Does anybody know how the Excel sheet near the end of the explanation video is achieved? What kind of setup is needed to analyze the run with such precision and with so many details? Thanks.
the first human to beat Super Mario Bros in 4 minutes and 55 seconds
That description doesn’t seem correct.
His time was 4:55.96.
If it takes me an hour and 57 minutes (aka 1.96 hours) to run 10 miles, I wouldn’t say I ran it “in one hour” just because it was under two. When using “in/within” don’t we have to round up?
Significant figures matter to some degree- while he’s not doing math, there’s never been anybody that’s finished SMB with a time that started with 4:55 anything. The next top five speed runs are all 4:56.x. Everybody’s really been fighting over measurements that involve a quarter of a second for the past year.
So within the speedrun community, saying “it was a 1:55 run” means you finally got a score starting with that.
1st 4m 55s 913ms
2nd 4m 56s 245ms
3rd 4m 56s 528ms
4th 4m 56s 961ms
5th 4m 56s 978ms
5th 4m 56s 978ms
7th 4m 57s 144ms
8th 4m 57s 294ms
9th 4m 57s 543ms
However, your physical efforts of 1 hour and 57 minutes aren’t within the “Speed running community”. There’s no context for how fast you can or can’t run, so if you say you ran 10 miles in an hour, we can’t judge whether or not that scale is significant.
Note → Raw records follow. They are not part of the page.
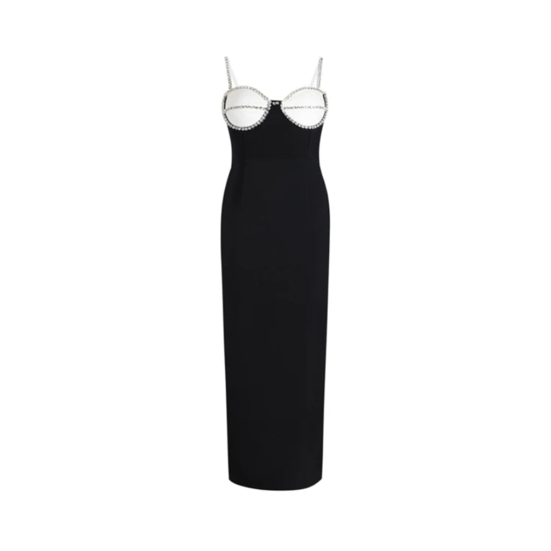 The intricate crystal embellishments add a touch of glamour to the suspender sleeves and tight-fitting silhouette. making it a statement piece. Ideal for showcasing your curves. this versatile dress is sure to turn heads and make you feel confident.
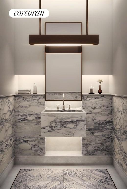 East 23E is equipped with a signature powder room adorned in Calacatta Paonazzo, ample storage and closet space, premium stacked washer-dryer and a state-of-the-art home automation system by Kraus Hi-Tech.
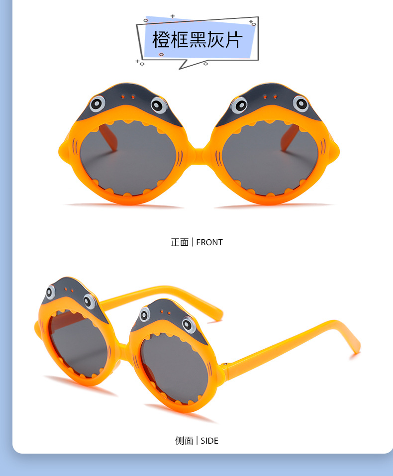 어린이 선글라스, 다채로운 동물 시리즈, 상어, 자외선 차단 선글라스, 남아 및 여아용, 개성 있고 멋진 자외선 차단 도구
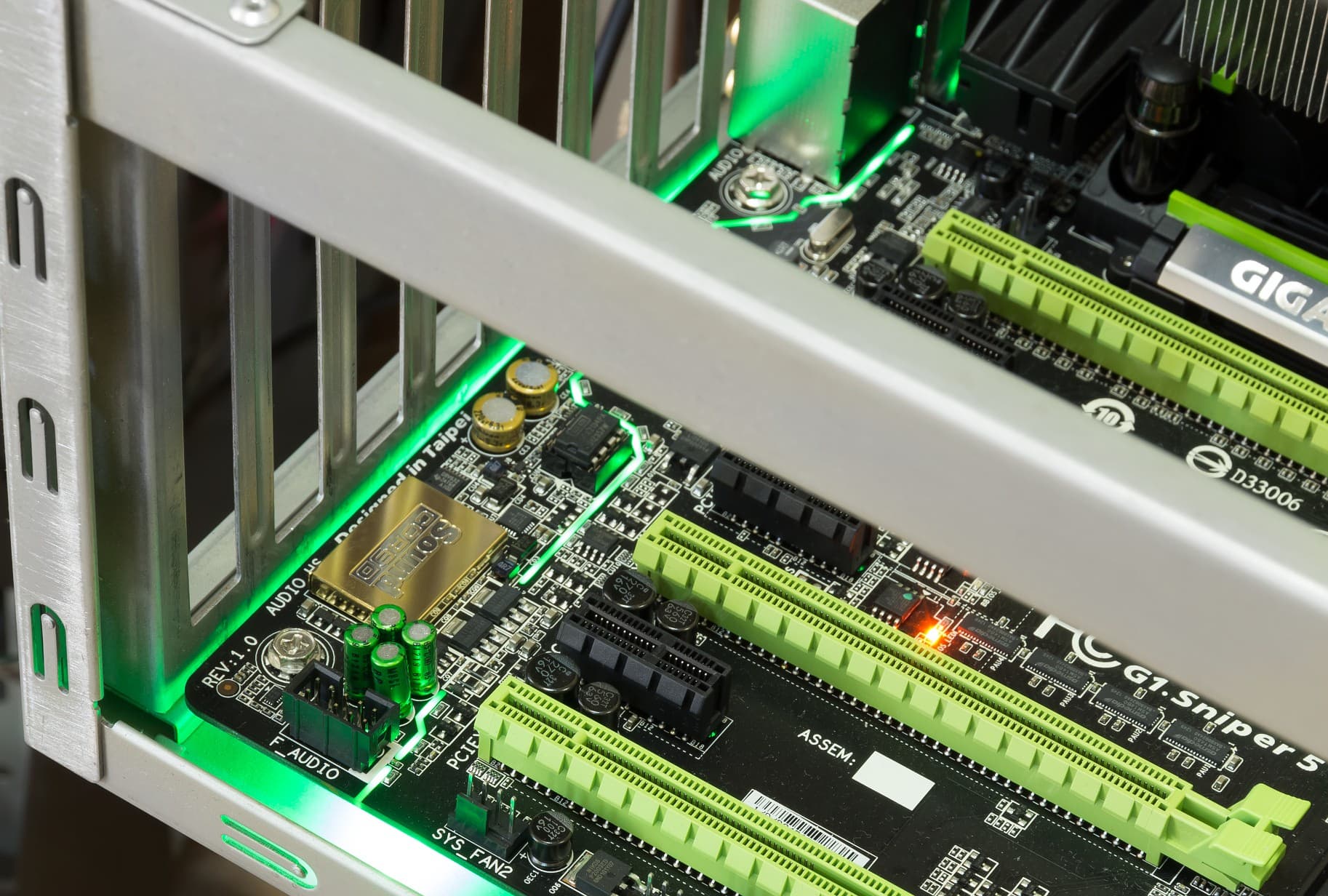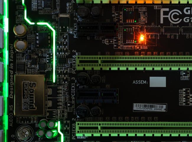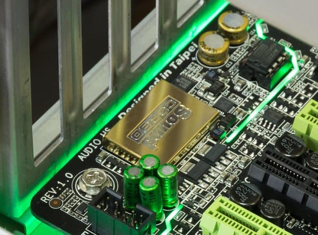 Чтобы лишний раз подчеркнуть все эти усилия, на плате сделана иллюминация: зеленая светящаяся в темноте линия показывает звуковую часть материнской платы. По всем признакам, это полноценная звуковая карта, встроенная в материнскую плату. Даже выходные разъемы миниджек сделаны позолоченными вместо привычных разноцветных пластмассовых разъемов интегрированного звука.

If you’re talking about elite marathon runners, when somebody finally runs “1:59 marathon”, it’ll be understood that it’s likely closer to 1:59.99, rather than 1:59.00
Granted, it’ll be referred to a “broke the 2-hour marathon mark” which could mean somebody ran it in 0:1.00, or 1:59.00, both are valid in that context. It may be more accurate to apply “Sub 4:56” but there are literal physical constraints on pixels and clocks here, so nobody’s doing a 4:50 or 4:53, for that matter.